To Have and Have Not: Learning How to Whistle

THE SCREEN’S MOST MASCULINE HE-MAN MEETS THE YEAR’S SEXIEST FEMININE DISCOVERY!

tohaveandhavenotWhen I was in Key West earlier this year, I went to the Ernest Hemingway House and took the guided tour. After petting some of the 58 cats currently residing there I bought ”To Have and Have Not” at the museum store. Reading it was pleasant but hardly one of my great literary experiences. Frequently called Hemingway’s worst book, it was not one of director Howard Hawks’s favorites. Word has it he even told the author it was a ”bunch of junk”. Still, the rights landed in Hawks’s lap and he decided to make a movie… as long as almost everything in the novel changed.

Making a living in Martinique
Shortly after the fall of France in 1940, we are introduced to Harry Morgan (Humphrey Bogart) who lives in the French colony of Martinique, a place that now finds itself controlled by the Vichy regime. Morgan makes a living chartering his fishing boat to tourists, with the alcoholic Eddie (Walter Brennan) as his mate. At a hotel in Fort-de-France, Morgan meets the seductive Marie ”Slim” Browning (Lauren Bacall) and discovers that she’s a pickpocket. Her latest victim is one of Morgan’s clients, but thanks to her he learns that he was about to get cheated out of money the client owed him.
Soon, Morgan finds himself in the situation where he reluctantly has to accept smuggling people who belong to the French Resistance…

A copy of Casablanca
The picture was produced by Warner and I’m sure they were happy to see it get made. After all, To Have and Have Not looks like a copy of Casablanca (1942). Hawks and Hemingway started working on the script, keeping a few characters and ideas from the novel but not much else. Screenplay credit went to Jules Furthman and William Faulkner (allegedly broke at the time) and they finished the story.

You’ll recognize a lot from Casablanca. The setting is exotic, there’s heroic French Resistance agents as well as suitably repellant Vichy representatives. There’s a romance and a bar where all the action takes place, with a pianist who plays an important part. In this case it’s Hoagy Carmichael who accompanies Bacall beautifully; the music is one delightful reason to see the movie. The story and the action really isn’t special here; it’s all a little too familiar. The reason why we still talk about To Have and Have Not is Bogey and Bacall. This is where the couple met and fell in love, even though he was twice her age. Their scenes together make it obvious why Hawks decided to emphasize that part of the movie. It’s been said that the much celebrated, sexy dialogue between Bogart and Bacall was chiefly written by Hawks; in the film, the characters give each other nicknames, ”Steve” and ”Slim”, which is what Hawks and his wife called each other. The two stars are enchanting together, but this is especially one hell of a breakthrough for Bacall.
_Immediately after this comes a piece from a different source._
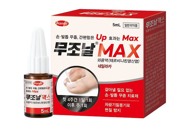 한미약품의 ‘무조날맥스외용액’은 이와는 다른 ‘테르비나핀염산염’을 주성분으로 한 퍼스트 제네릭 외용 손·발톱진균증 치료제로, 기존 성분의 불편함을 해소할 수 있는 새로운 대안을 제시하고 있다.

The supporting cast is good as well, and cinematographer Sidney Hickox does an excellent job of transporting us to the heat of Martinique… even though we never leave the Warner lot.

When Bogart passed away in 1957, Bacall placed a gold whistle on the coffin. It was a gift from her husband of 12 years, and a reminder of their most famous scene together from this film. Can you imagine anything more romantic and heartbreaking? To Have and Have Not preserves their love affair in eternity.

To Have and Have Not 1944-U.S. 100 min. B/W. Produced and directed by Howard Hawks. Screenplay: Jules Furthman, William Faulkner. Novel: Ernest Hemingway. Cinematography: Sidney Hickox. Song: ”How Little We Know” (Hoagy Carmichael, Johnny Mercer). Cast: Humphrey Bogart (Harry ”Steve” Morgan), Walter Brennan (Eddie), Lauren Bacall (Marie ”Slim” Browning), Hoagy Carmichael, Dan Seymour, Marcel Dalio.

Trivia: Remade as The Breaking Point (1950) and The Gun Runners (1958).

Quote: “You know you don’t have to act with me, Steve. You don’t have to say anything, and you don’t have to do anything. Not a thing. Oh, maybe just whistle. You know how to whistle, don’t you, Steve? You just put your lips together and… blow.” (Bacall to Bogart)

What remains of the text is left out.